Questa è la strumentazione che usiamo qui a Potenza per misurare le emissioni dirette di CO2 e le emissioni
di N2 legate alla nitrificazione, alla denitrificazione e alla nitrifier denitrification.
LA NITRIFICAZIONE
Ricordandoci della reazione di nitrificazione, essa in realtà si compone di due stadi con la formazione di un
prodotto intermedio chiamato idrossilammina. Le membrane interne dei batteri nitrificanti (AOB e NOB)
costituiscono il sito di un enzima chiave nell’ossidazione dell’NH3, l’ammoniaca monossigenasi, che ossida
l’NH3 a idrossilammina. Successivamente, l’idrossilammina ossidoreduttasi, enzima peri-plasmatico, ossida
l’idrossilammina a NO2-, con rimozione di quattro elettroni.
In realtà l’N2O viene prodotto anche durante l'ossidazione incompleta di NH2OH a causa della formazione
del radicale nitrosile (NOH).
LA DENITRIFICAZIONE
La denitrificazione è la riduzione graduale di NO3- a N2. La denitrificazione coinvolge diversi tipi di
microbi eterotrofi che riducono il nitrato in azoto gassoso, producendo nitrito, ossido nitrico (NO) e
protossido di azoto (N2O) come intermedi.
NITRIFIER DENITRIFICATION
Oltre 35 anni fa, si proponeva che gli stessi nitrificatori (AOB) potessero non solo nitrificare, ma
anche denitrificare; questa via di nitrificazione, detta denitrificazione nitrificante, potrebbe
contribuire in gran parte alla perdita di ammonio sotto forma di NO ed N2O.

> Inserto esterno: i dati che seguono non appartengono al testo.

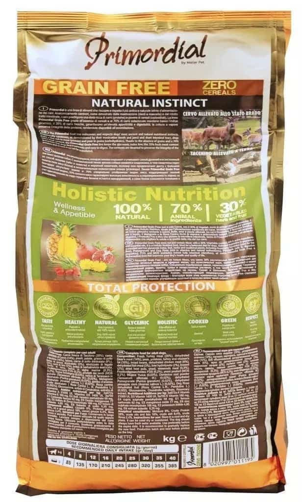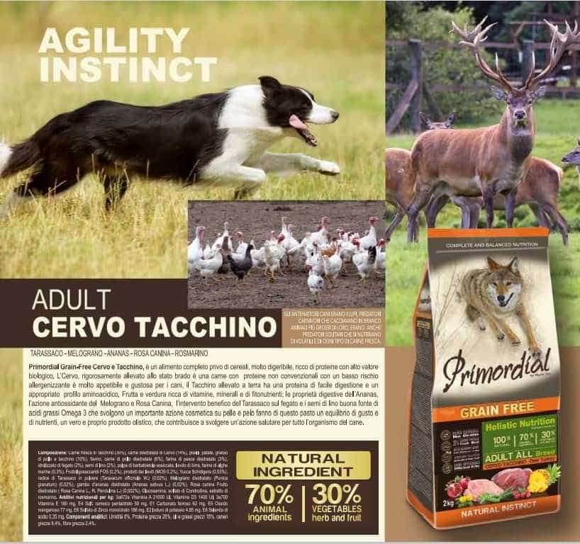 Primordial Dog Adult Deer&Turkey - полноценный корм супер-премиум класса, предназначенный для взрослых собак . Цель состоит в том, чтобы естественно поддержать здоровую собаку.

Questa sequenza di reazioni è permessa da batteri ossidanti ammonio autotrofi; Nitrosomonas europaea è il
più studiato
Questo ci fa capire che in un impianto di depurazioni posso avere sia emissioni di CO2 innocua perché
prevalentemente non fossile, sia di N2O che è 300 volte più potente della prima.